Prepare for OCR, find words and rotate.

eleison · Post by **eleison** » 2014-09-26T01:59:41-07:00

Hi everyone!

I have many jpgs with random placed words/sentence, background is white and text is black. So I want to use imagemagick to find and all lines of words, isolate them and rotate them to a horizontal axis. There is plenty of white space between each item(line). Sometimes there can be an image/graphics among the words too, best would be if imagemagick ignored those but wouldn't matter that much if they get isolated too.

This is how it could look like:

Method 1
After I isolate the words i was thinking I could rotate them using this model:
1. Somehow find the corners of the text.
2. Make a rectangle of the corner points, all lines are in rectangles in shape... They won't difference in lengths that much.
3. Make a smaller horizontal rectangle.
4. Rotate the first rectangle until its completely fills the small rectangle.

Update:
Method 2
Maby it's easier to rotate until imagemagick finds minimum possible height, or height equals under a certain set pixels.

This was just an idea that might work?! I am very open to ANY suggestions how to accomplish this. If this can be done with only the command line it's great, otherwise i'm most comfortable with PHP....

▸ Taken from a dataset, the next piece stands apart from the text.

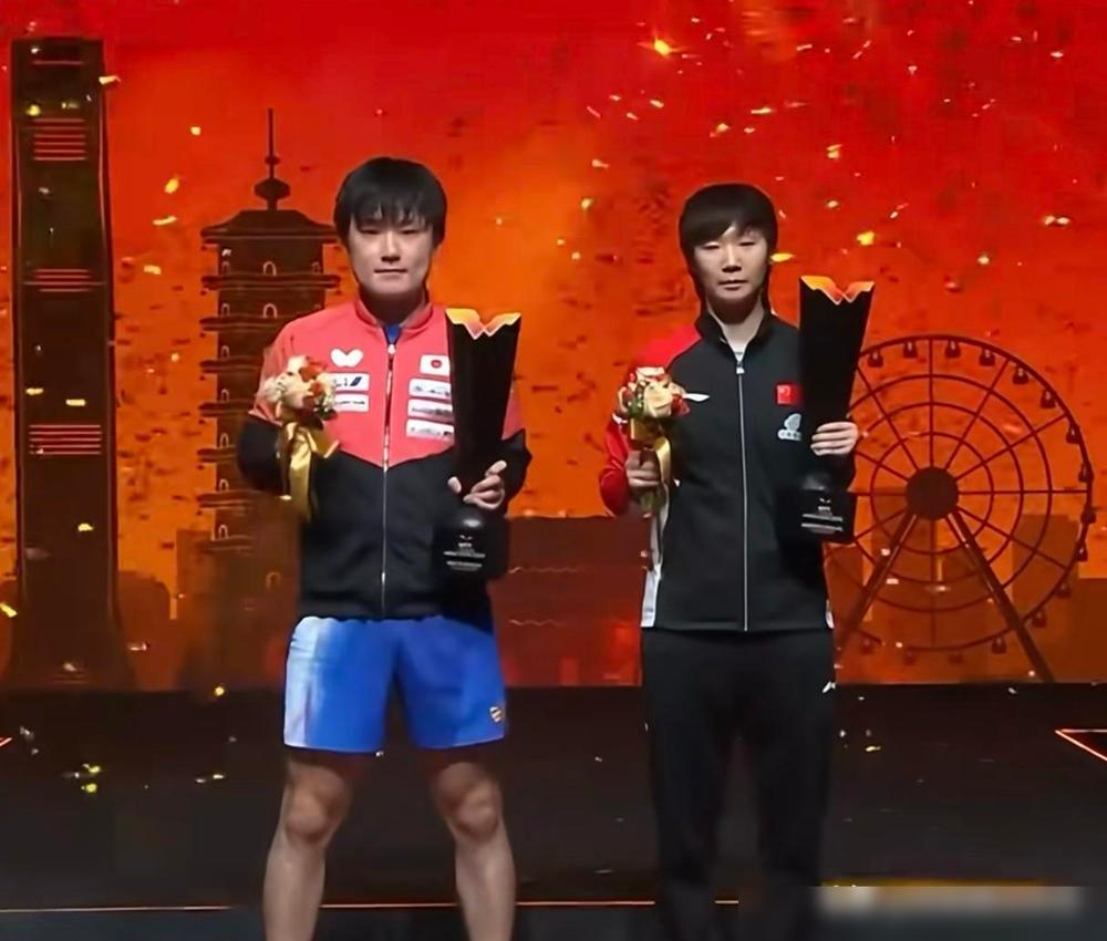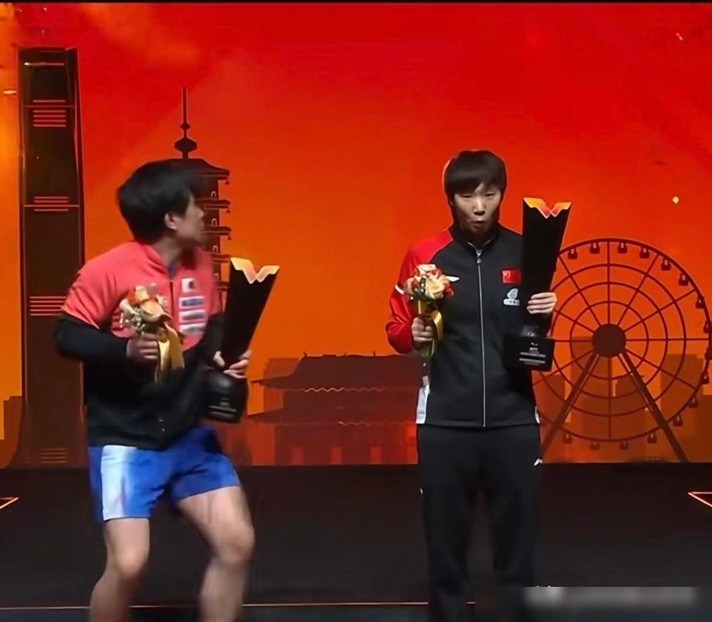 能被张本智和笑死,WTT香港总决赛男单女单冠军合影,张本智和拿着奖杯和捧花走了过来,只见他先把手里的捧花放一边,举着奖杯和王曼昱站一起合影,他这个时候他发现捧花也要拿,于是乎过去又把捧花拿了回来,又和王曼昱站一起准备合影了 ,这个时候礼花响起来了,张本智和被吓得回头张望,本来我们的曼昱还一脸镇定呢,结果被张本智和给吓了一跳,张本知道你是第一次拿总决赛冠军,业务还不熟练,但是你不能总这么一惊一乍的,吓到我们曼昱了。 简单复盘一下,就是WTT香港总决赛结束后的冠军合影环节,男单女单冠军一起站台,结果张本智和贡献了一段“社交恐慌式操作”。 先是奖杯和捧花到底要不要同时拿,来回切换好几次,像极了第一次上台领奖不知道手该往哪放的人。 我更在意的是他整个人的紧绷感,明明是冠军时刻,却全程小心翼翼,生怕哪里没配合好,反而更容易出小状况。 然后礼花一响直接回头那一下,真的太真实了,那种被突然声音吓到的反射动作,隔着屏幕都能感受到。 最好笑的是连王曼昱都被带着吓了一跳,本来稳得不行,结果被他一惊一乍成功“传染”。 说实话,这种画面反而挺加分的,不是那种流程走到麻木的合影,而是有点手忙脚乱的人味。 也提醒一句,第一次拿大场面冠军紧张很正常,但下次真的可以提前练练合影流程,不然礼花还没炸完,人已经先炸了。

When this process is done i'm going to do OCR with Tesseract on the text.

Thank you all, and thank you for this fantastic forum

eleison · Post by **eleison** » 2014-09-29T00:55:09-07:00

I think i got the solution for the making the words horizontal. But can't really find a good solution for segment/separate the words/lines. One solution I've been thinking about is to look for black pixels, when i find one i mask that area around the black pixel roughly (since i got plenty of white space in between every object), then cut the masked area out, then repeat the step again until there is no more black pixels left. This should work because the lines/words have a maximum width.

How do I look for a black pixel, mask it and the cut it out to a new image?

I am of course open to any advice that could lead me in the right direction!!
The example image is almost identical in how my images will look like, the words/lines will always have plenty of white space in between. The placement of the words/lines/objects will vary some from image to image, still loads of white space in between.

Post by **fmw42** » 2014-09-29T09:05:59-07:00

What version of IM and platform? If on Linux/MacOSX or Windows with Cygwin, you could try my script multicrop and unrotate after blurring your image.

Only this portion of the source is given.